Il y a, je crois des moments de notre vie où l'on sent que le sol censé nous retenir se dérobe peu à peu sous nos pieds. Ce genre de passages à la fois agréables et déagréables où l'on signe d'une plume fébrile la fin d'un chapitre: une page du Grand Livre de notre Histoire se tourne, pour le meilleur ou pour le pire... mais quoiqu'il advienne certains personnages, certains ressentis, certaines images des chapitres précédents restent ancrés dans notre mémoire, nous donnant parfois un pincement au cœur, parfois un sourire aux lèvres...

Alors voilà, la page du chapitre ”Copenhague” est en fin d'écriture. Bientôt, Paris prendra toute la place avec une autre histoire, d' autres personnages et d'autres lieux. Peu à peu, Copenhague tirera sa révérence et son souvenir éphémère s'essoufflera comme sur un tableau de craies.

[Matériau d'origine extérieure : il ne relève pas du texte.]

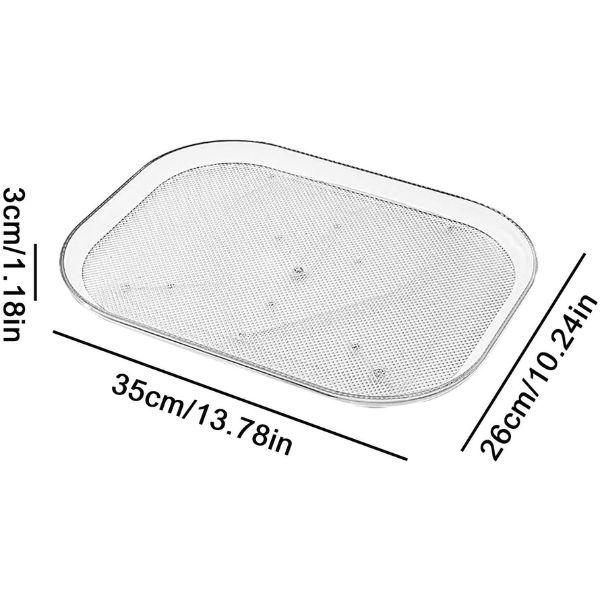 Utrzymuj porządek w lodówce dzięki naszej Przezroczystej Prostokątnej Tacce do Lodówki. Ten 360° Obrotowy Organizer do Lodówki idealnie nadaje się do łatwego dostępu i maksymalnego wykorzystania przestrzeni. Jest łatwy w czyszczeniu, ma antypoślizgowe przyssawki i nie wymaga montażu.

Mais pour l'instant cette page de fin de chapitre est encore difficile à tourner. Elle est lourde et fait même mal... parce que finalement je m'y trouvais bien dans ce chapitre... malgré quelques bavures et quelques ratés; on m'a dit qu'il ne fallait rien regretter...

Avant les trois coups du brigadier sur la scène de ma nouvelle vie, j'aligne les images de mes souvenirs comme pour tisser un fil de soie quasi-invisible, sur lequel je pourrai me promener lorsque la nostalgie d'un temps passé m'emportera dans les mailles trop serrées de ses filets.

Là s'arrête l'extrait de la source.